A Dayton motor could be anything. I think that there's at least 2 or 3 people OEM for Grainger's motors.


----------



## Wirenuting (Sep 12, 2010)

MDShunk said:


> A Dayton motor could be anything. I think that there's at least 2 or 3 people OEM for Grainger's motors.


This motor runs like a champ and is protected correctly. 
The OP question was can you use the SF amperage to select your O/L's. 
A co-worker keeps doing it.


----------



## MDShunk (Jan 7, 2007)

Wirenuting said:


> The OP question was can you use the SF amperage to select your O/L's.
> A co-worker keeps doing it.


Oh, you wanted an answer to your original question? :laughing: nope.


----------



## kwired (Dec 20, 2009)

I know if you look at square D thermal overload charts for NEMA starters you must multiply FLA x .90 if the service factor is 1.0. Instructions say to use the values on the chart for SF of 1.15 or 1.25.


----------



## Wirenuting (Sep 12, 2010)

MDShunk said:


> Oh, you wanted an answer to your original question? :laughing: nope.

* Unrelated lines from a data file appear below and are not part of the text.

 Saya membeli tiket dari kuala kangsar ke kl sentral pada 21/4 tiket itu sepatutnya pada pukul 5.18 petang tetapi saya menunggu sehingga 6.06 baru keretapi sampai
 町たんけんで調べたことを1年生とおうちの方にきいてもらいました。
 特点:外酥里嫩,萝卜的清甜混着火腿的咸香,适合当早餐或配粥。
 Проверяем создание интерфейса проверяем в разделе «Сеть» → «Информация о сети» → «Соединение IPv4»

Right, I wanted someone to agree with me and give me an idea what to do with him. Also a code reference if possible as I didn't find the answer. 
The 2x4 answer is perfect. Now all I gotta do is figure out what kind of wood.


----------



## kwired (Dec 20, 2009)

Show your co worker 430.32(A)(1) it corresponds to what I put in previous post. Most thermal element charts are for 1.15 SF or higher and many people do not adjust for motors that are less than 1.15 they just go by values on chart.


----------



## Wirenuting (Sep 12, 2010)

kwired said:


> Show your co worker 430.32(A)(1) it corresponds to what I put in previous post. Most thermal element charts are for 1.15 SF or higher and many people do not adjust for motors that are less than 1.15 they just go by values on chart.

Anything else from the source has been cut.